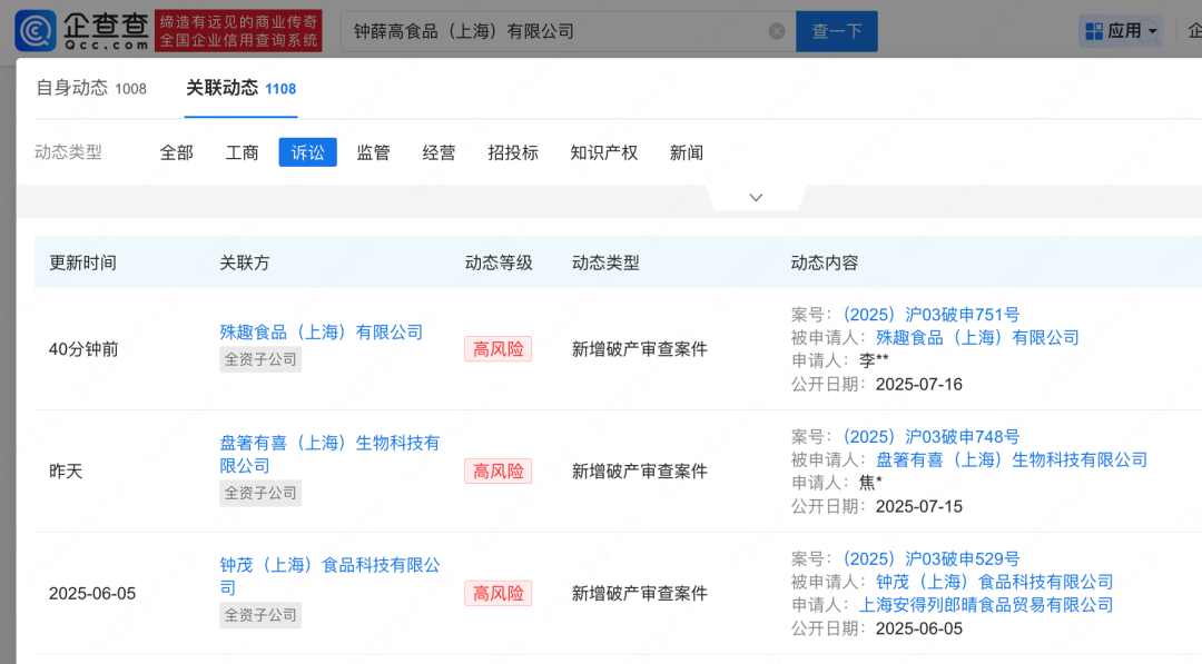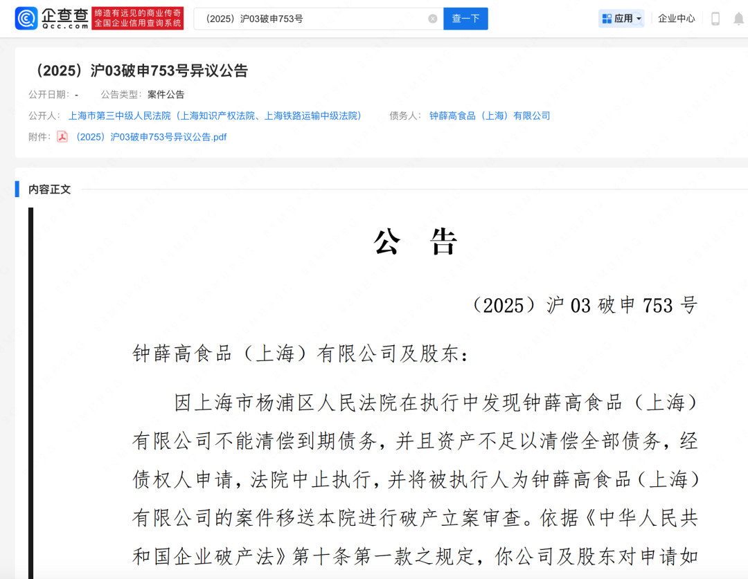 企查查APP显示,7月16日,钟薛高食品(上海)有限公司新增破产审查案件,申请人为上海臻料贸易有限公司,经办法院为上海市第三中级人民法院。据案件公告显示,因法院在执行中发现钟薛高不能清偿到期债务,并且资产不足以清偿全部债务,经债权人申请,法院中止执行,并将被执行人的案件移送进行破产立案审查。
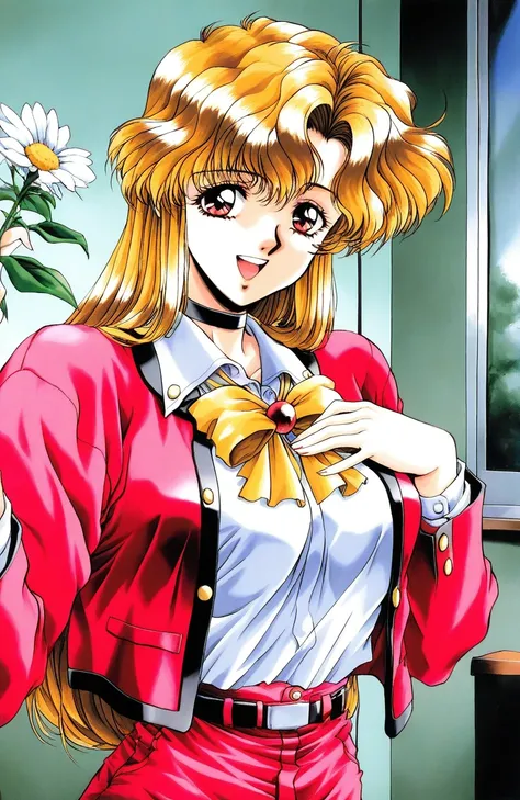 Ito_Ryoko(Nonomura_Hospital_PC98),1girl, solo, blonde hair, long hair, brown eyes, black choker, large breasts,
...
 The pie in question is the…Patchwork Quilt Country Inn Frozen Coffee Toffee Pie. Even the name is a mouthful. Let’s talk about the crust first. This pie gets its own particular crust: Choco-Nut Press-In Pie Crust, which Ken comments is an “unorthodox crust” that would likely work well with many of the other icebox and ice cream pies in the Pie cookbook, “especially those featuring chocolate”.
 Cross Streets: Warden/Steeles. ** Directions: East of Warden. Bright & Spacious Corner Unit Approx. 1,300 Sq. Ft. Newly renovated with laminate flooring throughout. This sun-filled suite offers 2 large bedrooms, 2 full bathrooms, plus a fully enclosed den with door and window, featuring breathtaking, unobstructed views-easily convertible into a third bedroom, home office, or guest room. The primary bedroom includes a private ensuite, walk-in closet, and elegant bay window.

Task directions
From the records above, copy exactly the stretch from the line holding "企查查APP显示,7月16日" through the line holding "Ito_Ryoko(Nonomura_Hospital_PC98),1girl, solo, blonde", both ends included, without the pictures.

Your solution
 企查查APP显示,7月16日,钟薛高食品(上海)有限公司新增破产审查案件,申请人为上海臻料贸易有限公司,经办法院为上海市第三中级人民法院。据案件公告显示,因法院在执行中发现钟薛高不能清偿到期债务,并且资产不足以清偿全部债务,经债权人申请,法院中止执行,并将被执行人的案件移送进行破产立案审查。
 Ito_Ryoko(Nonomura_Hospital_PC98),1girl, solo, blonde hair, long hair, brown eyes, black choker, large breasts,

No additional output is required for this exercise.